23 April 2013

I Am A Zero TV Household

A recent Huffington Post article on Zero TV households captures me and my motives for not having one (or a landline telephone) to a T.  We are the future.
Some people have had it with TV. They've had enough of the 100-plus channel universe. They don't like timing their lives around network show schedules. They're tired of $100-plus monthly bills.
A growing number of them have stopped paying for cable and satellite TV service, and don't even use an antenna to get free signals over the air. These people are watching shows and movies on the Internet, sometimes via cellphone connections. Last month, the Nielsen Co. started labeling people in this group "Zero TV" households, because they fall outside the traditional definition of a TV home. There are 5 million of these residences in the U.S., up from 2 million in 2007. . .
Last year, the cable, satellite and telecoms providers added just 46,000 video customers collectively, according to research firm SNL Kagan. That is tiny when compared to the 974,000 new households created last year. While it's still 100.4 million homes, or 84.7 percent of all households, it's down from the peak of 87.3 percent in early 2010.

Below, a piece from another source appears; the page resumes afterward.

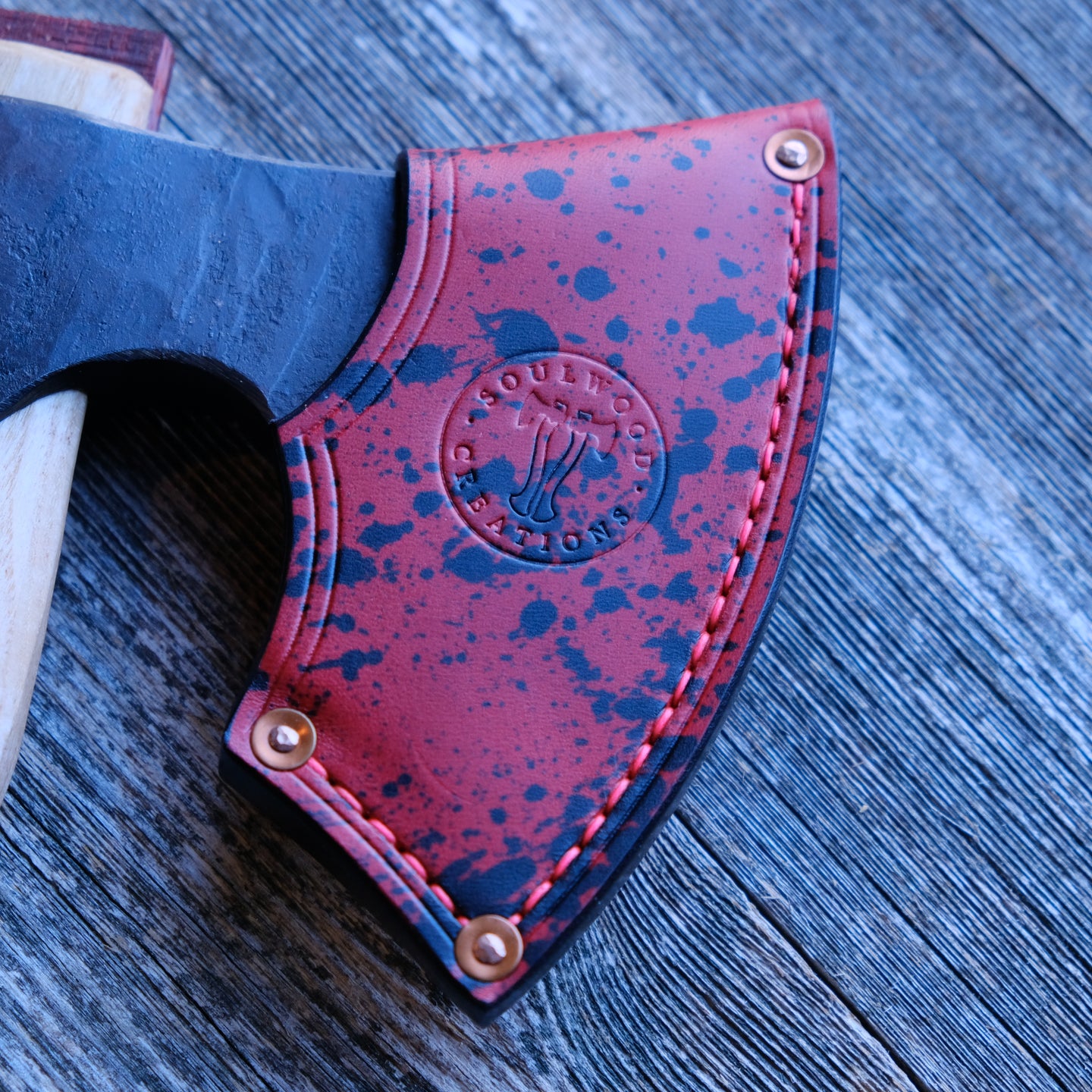 The hand-stitched thick vegetable tanned leather sheath with added stamp work is custom made for each axe, so they fit perfectly and protect the razor sharp edge. Additionally the corners are reinforced with copper rivets to guarantee the longevity of the sheath so it can protect the razor sharp edge.

Nielsen's study suggests that this new group may have left traditional TV for good. While three-quarters actually have a physical TV set, only 18 percent are interested in hooking it up through a traditional pay TV subscription. . . .

More people are raised with the power of the Internet in their pocket, and don't know or care that you can pull TV signals from the air for free. 
"They're more aware of Netflix than they're aware over-the-air is even available[.]" 
As one Zero TV household member explains, TVs have also grown to be ridiculously complicated (something that I can attest to from similar experiences):
"I'm pretty tech savvy, but the TV industry with the cable and the television and the boxes, you don't know how to use their equipment," he says. "I try to go over to my grandma's place and teach her how to do it. I can't even figure it out myself."
Why pay for a hundred stations full of crap (often redundant crap) that you can't watch when it is convenient for you to watch, if you can even manage to figure out how to work the damn thing and censor out the crappiest of crap stations like shopping channels and channels that you don't actually subscribe to anyway.

Price absolutely is a consideration, however.  And, Netflix runs a very tight ship.  According to my dead tree newspaper this morning, it made a profit of just $2.7 million on revenues of a bit more than $1 billion, a profit margin of 0.27% or so (and this comes on the heels of a loss twice as large). Amazon has similarly skinny margins despite massive market share.  Those companies provide what they do at very close to cost.

Comcast, Direct TV and Dish, I am certain, make considerably fatter profits relative to their revenues.